A Prison Ship is a penitentiary, correctional facility, or jail that typically moves under its own power (though some prisoner transports or jail vessels have to be towednote ). Often featured to highlight the questionable moral standards of the villains or enemy force, the heroics of protagonist in withstanding the cramped conditions, a setting for a prison story, or to add movement and interest to what would otherwise be a static setting. It's also an easy way to set up The Alcatraz; in the middle of the ocean or in space, there's nowhere to escape to.

For the purposes of this trope there are two types of Prison Ship:

  • The Prison Transport: this modestly-sized vessel is either designed or modified to transport prisoners between facilities, not hold them permanently. The transport spaceship in Pitch Black is not an example as it had only one prisoner strapped in; the rest of the occupants were paying passengers. Conversely the prison transport in the Lexx miniseries would count because his divine shadow is just that thorough. In fiction, there are often depictions of criminal gangs ambushing or hijacking the prison transport to free their comrades, or to capture a rival gang leader who they want to "deal with". A Bounty Hunter may use this kind of ship to hold several targets while transporting them to an actual prison.
  • The Jail Ship: often a setting in and of itself, this large vessel is usually purpose built to hold prisoners permanently, often for unscrupulous deeds committed outside of the jurisdiction.
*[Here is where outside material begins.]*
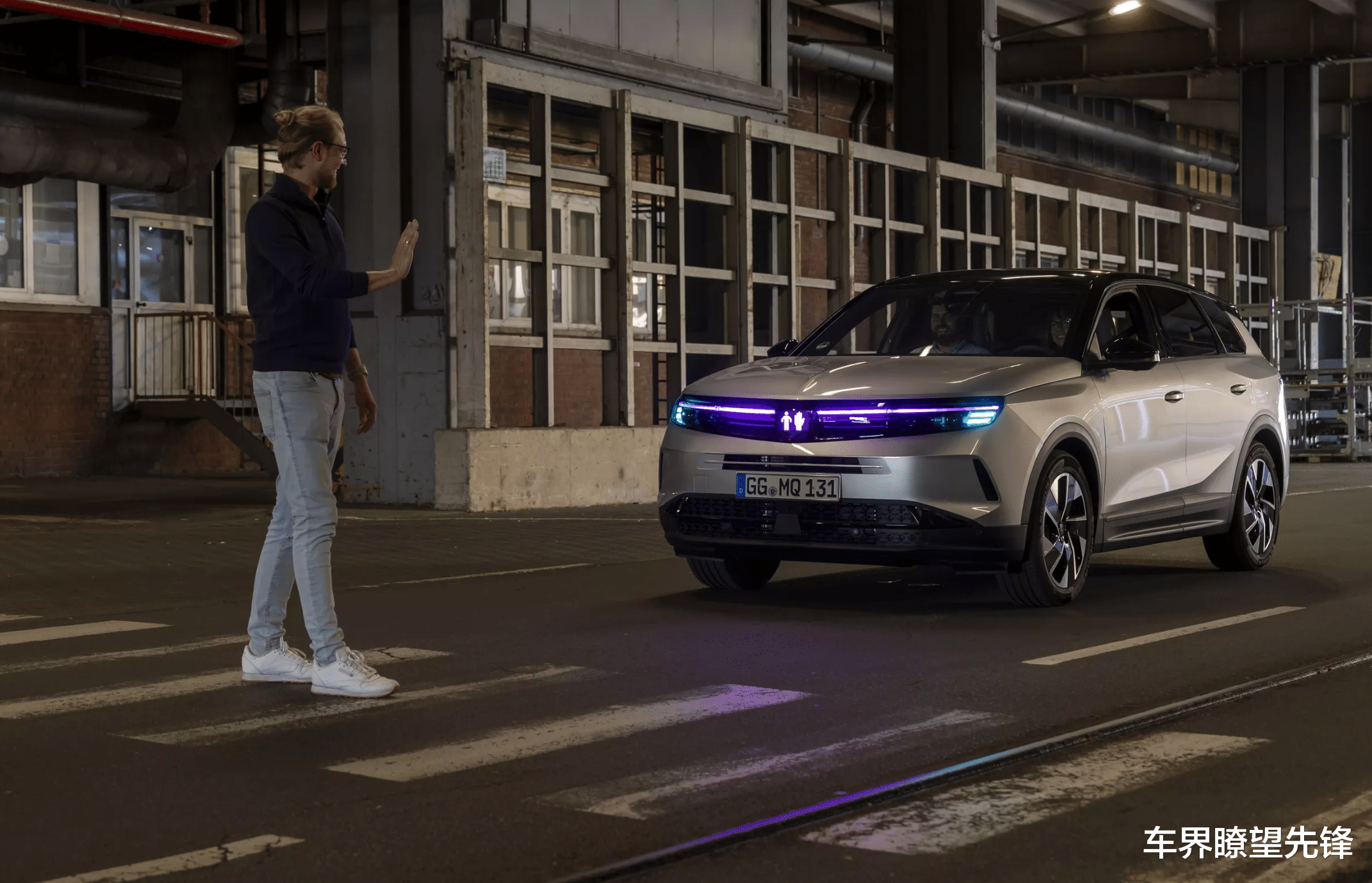 这款Grandland原型车能够通过车头的照明系统向车外的人传达自身的意图,以保证自身和周围事物的安全。

Jail ships include those that are mobile under their power and old demobilized ships that are no longer fit for military use, and which have been converted to become floating jails (they are kept at a dock).
    • Jail spaceships need to be large enough for cells (or stasis pods with life-support equipment if the prisoners are in Human Popsicle mode), guard quarters, guard stations, food preparation facilities, recreational areas, an infirmary, and so on. As well, they need some self-defense capacities to protect the Prison Ship from attackers who hope to free their comrades.

Despite the name of the trope, it covers any mobile jail or prison transport, including trains and transport planes.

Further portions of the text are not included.